### ACTION ITEM
From the line with "Ski-Doo Grand Touring" to the end of the data below, restate each line word for word, both ends included, without the pictures.

[Extracted records]
⁂
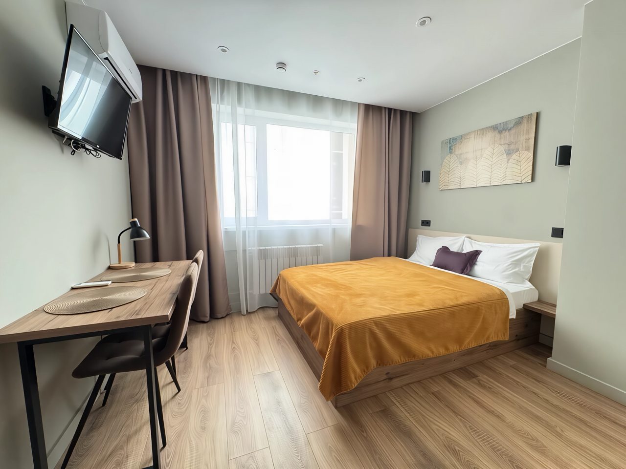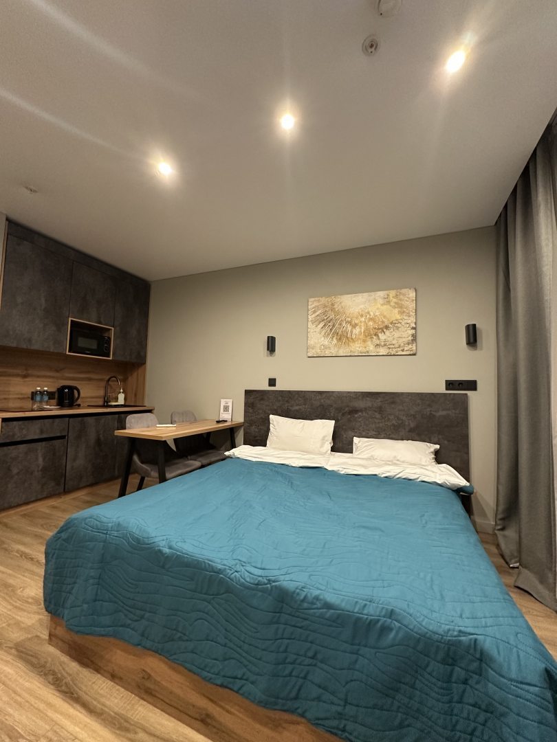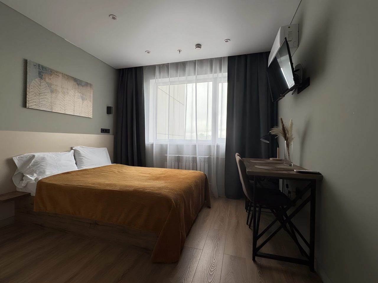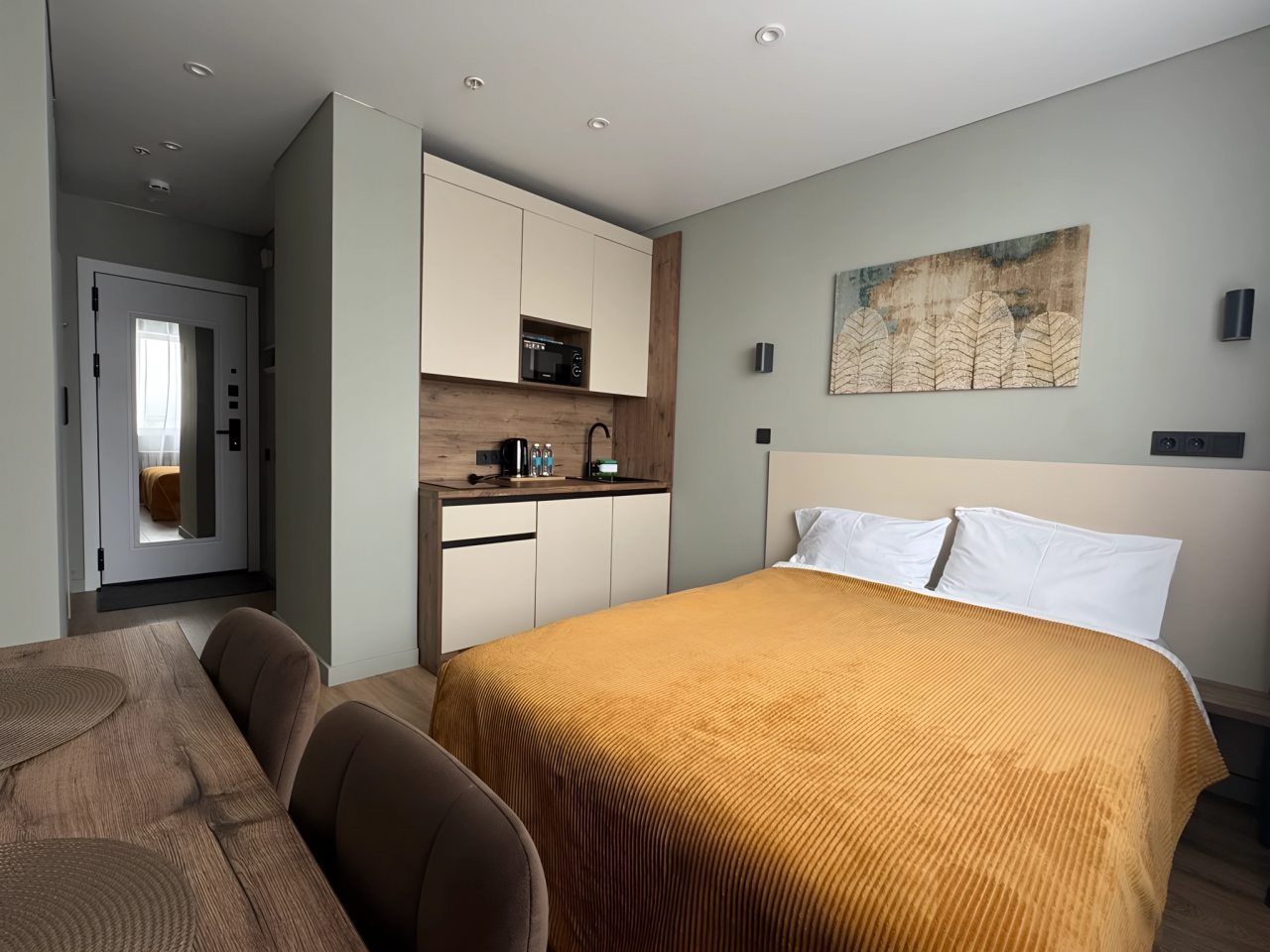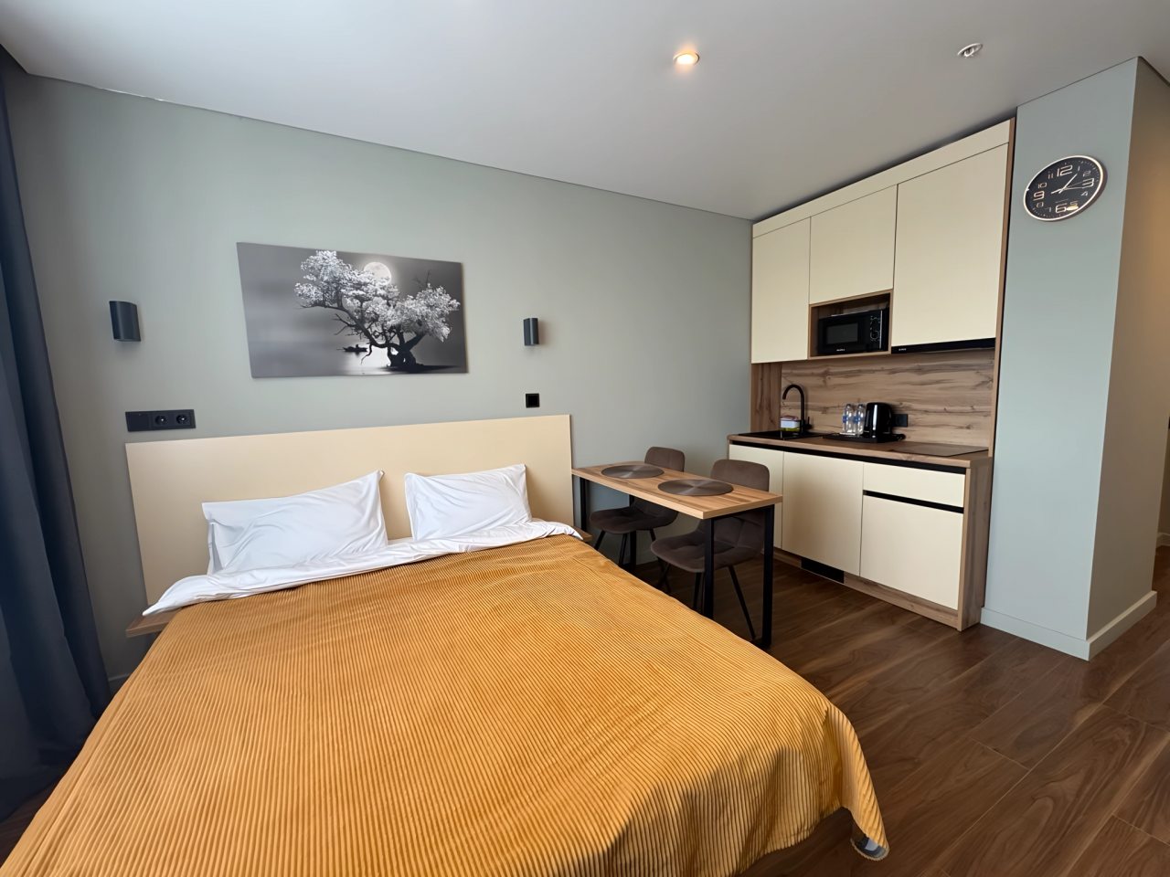 В просторных апартаментах с ремонтом в светлых тонах есть все для комфортного проживания: большая кровать, прикроватная тумба, телевизор, прихожая и собственная ванная комната с душевой кабиной.
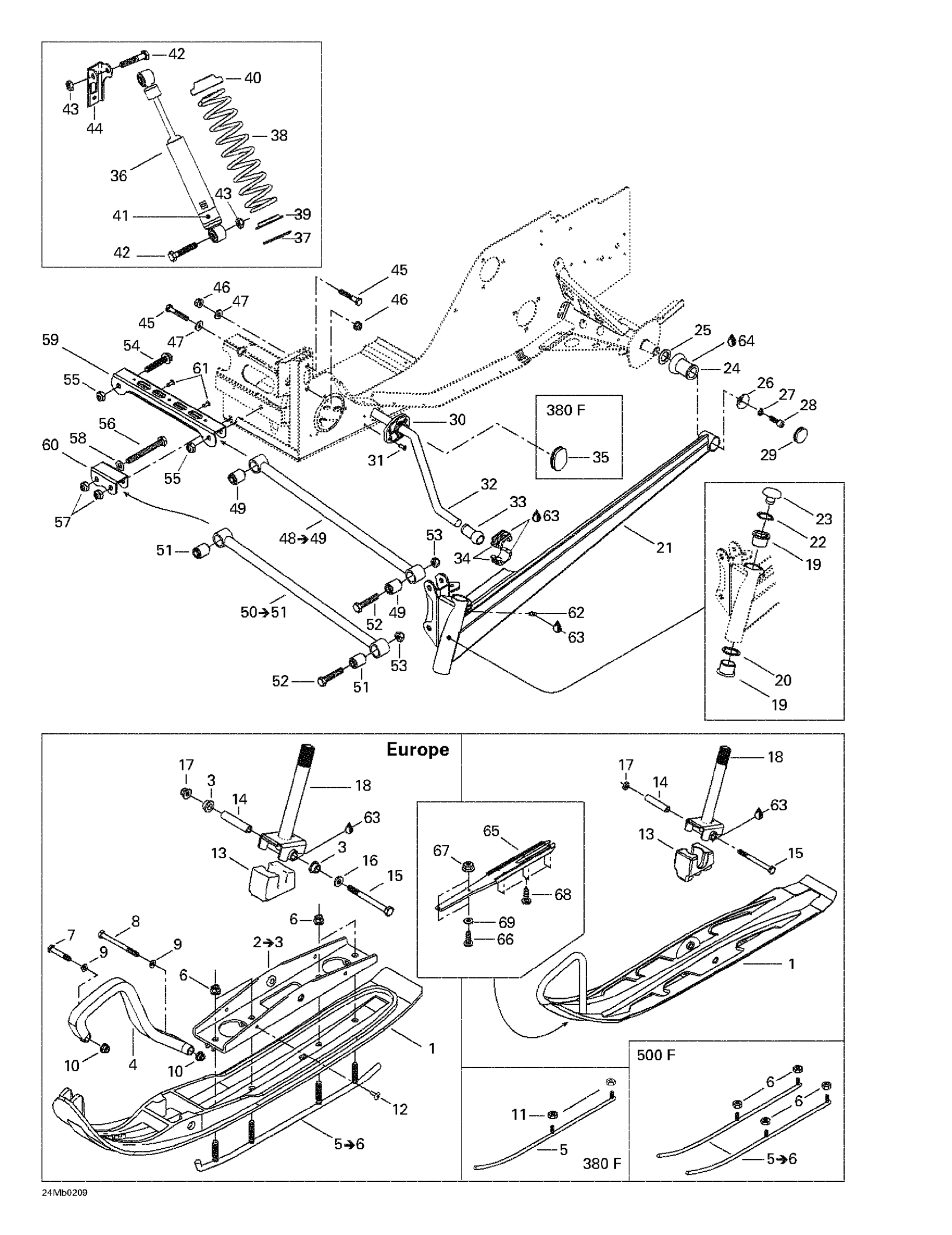 Ski-Doo Grand Touring 380 F/500 F, 2002 Front Suspension And Ski Diagram
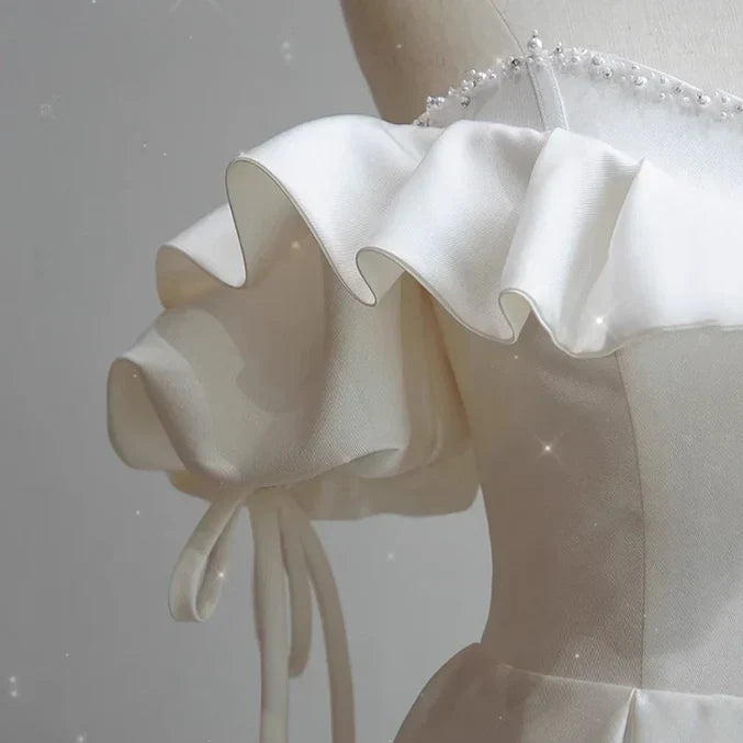 White Satin Off Shoulder Beaded Sweetheart Formal Dress Long Prom Dress Elegant Evening Dress
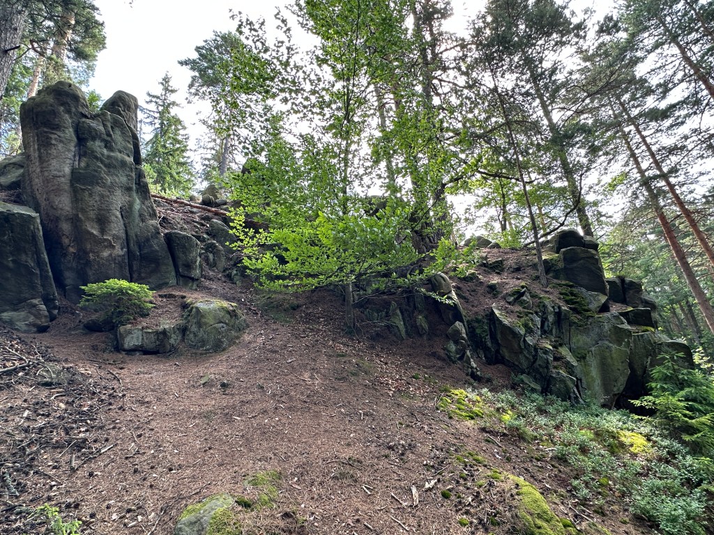 Za nim skręciliśmy dalej w las aż dotarliśmy do Garncarza – kolejnej skałki i powędrowaliśmy ostro w dół zielonym szlakiem.
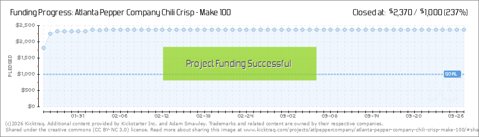 Thank you so much to everyone who has backed my project. Hopefully we will continue forward until we hit our 100 quota! I'm so excited to prepare the first official batch of the OG Chili Crisp! You'll need an HTML5 capable browser to see this... (Read More)
⁂
### RESULT OF THE EXERCISE
 Ski-Doo Grand Touring 380 F/500 F, 2002 Front Suspension And Ski Diagram
 White Satin Off Shoulder Beaded Sweetheart Formal Dress Long Prom Dress Elegant Evening Dress
 Za nim skręciliśmy dalej w las aż dotarliśmy do Garncarza – kolejnej skałki i powędrowaliśmy ostro w dół zielonym szlakiem.
 Thank you so much to everyone who has backed my project. Hopefully we will continue forward until we hit our 100 quota! I'm so excited to prepare the first official batch of the OG Chili Crisp! You'll need an HTML5 capable browser to see this... (Read More)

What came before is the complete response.